● DATA SEGMENT:
- - -
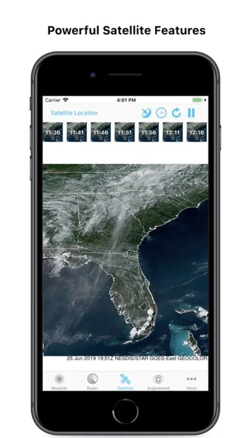 - Full Color Satellite features 30 Locations for you to Zoom in on, with 17 Radar Modes per Location
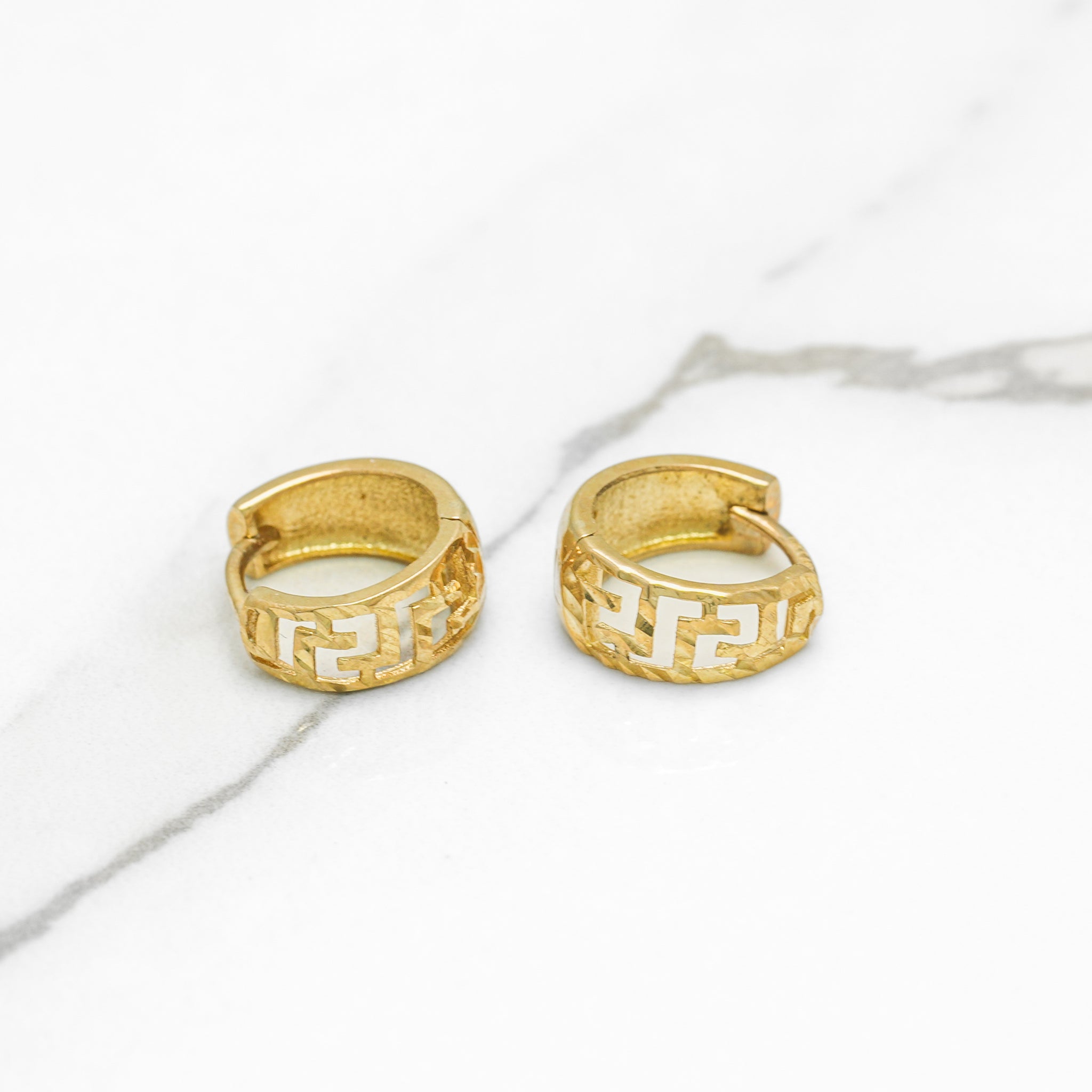 Huggies - 10K yellow gold grrecque key design diamond cut - BOG328
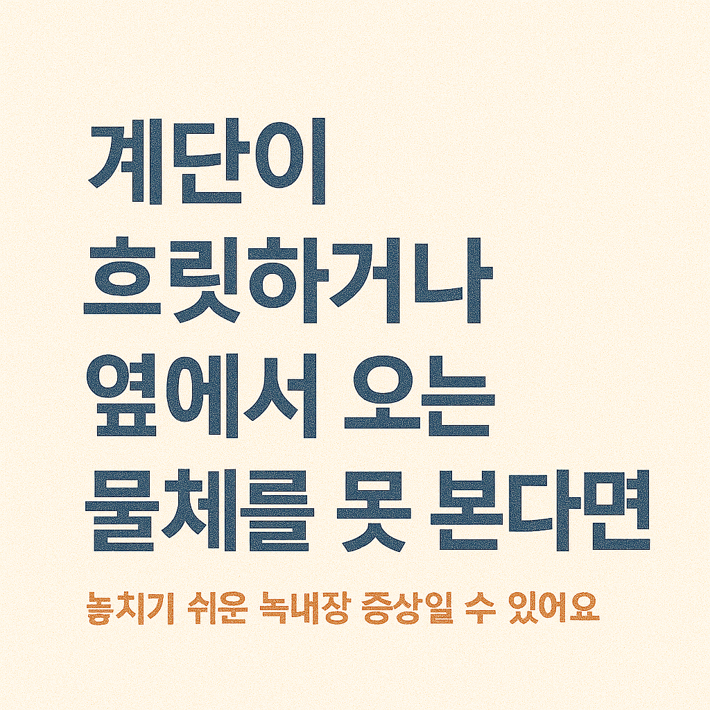 - 계단을 내려갈 때 바닥이 흐릿하거나 불안하게 느껴진다
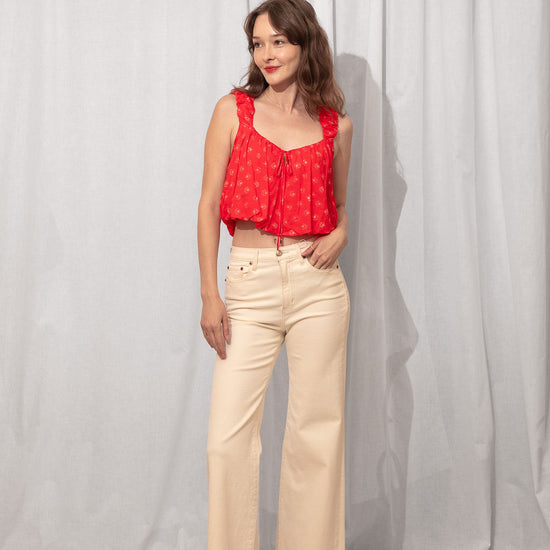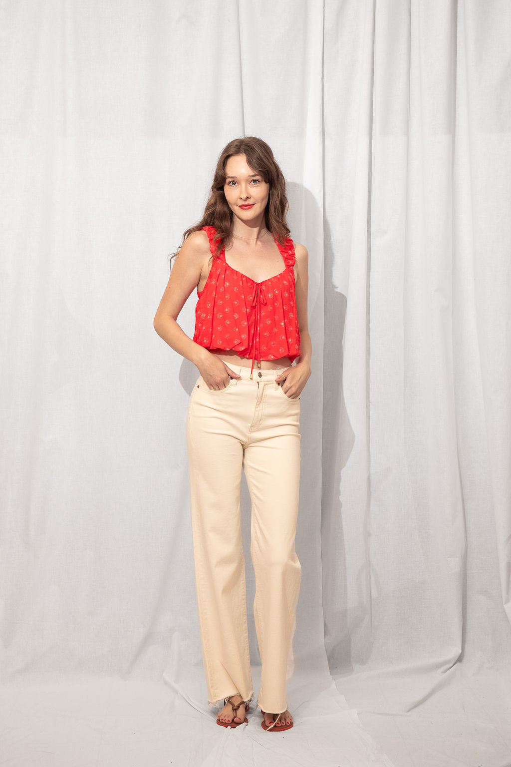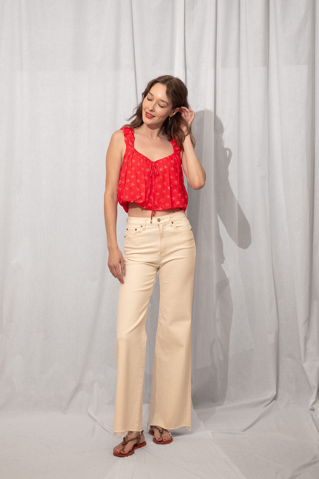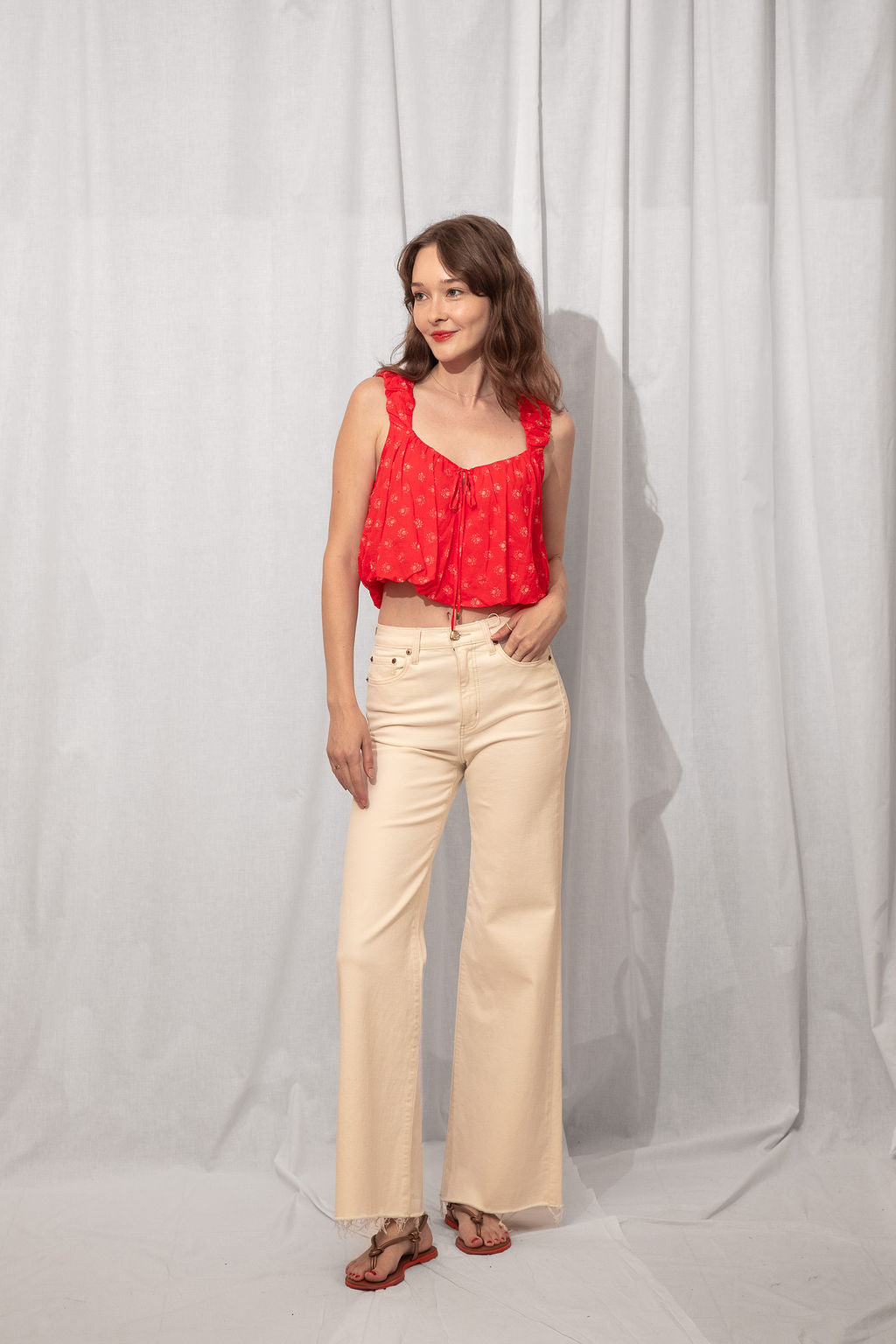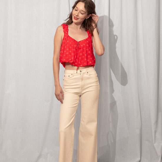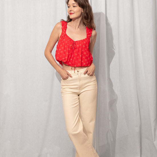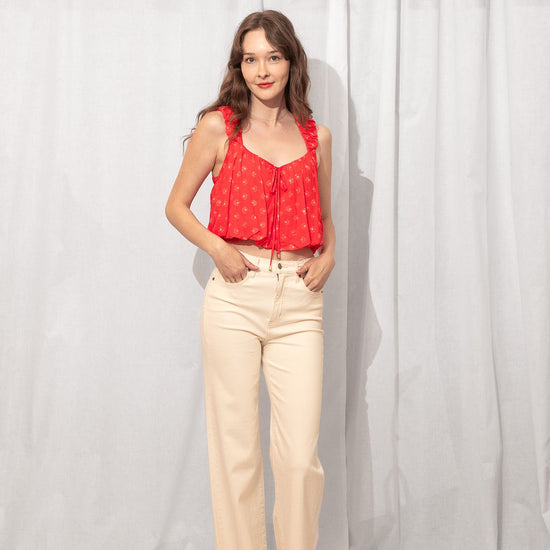 The cutest little crop for sunny days ahead. The Krista Top features a playful red-coral hue with a charming print detail, square neckline, and a sweet front tie with a flirty v-slit. The bubble hem adds that just-right volume—perfect with high-waisted denim or a breezy skirt.🍓
- - -
● WHAT YOU ARE ASKED TO DO: An exact transcription of the data above is needed, without the pictures.

● ANSWER FOR THIS EXERCISE:
 - Full Color Satellite features 30 Locations for you to Zoom in on, with 17 Radar Modes per Location
 Huggies - 10K yellow gold grrecque key design diamond cut - BOG328
 - 계단을 내려갈 때 바닥이 흐릿하거나 불안하게 느껴진다
 The cutest little crop for sunny days ahead. The Krista Top features a playful red-coral hue with a charming print detail, square neckline, and a sweet front tie with a flirty v-slit. The bubble hem adds that just-right volume—perfect with high-waisted denim or a breezy skirt.🍓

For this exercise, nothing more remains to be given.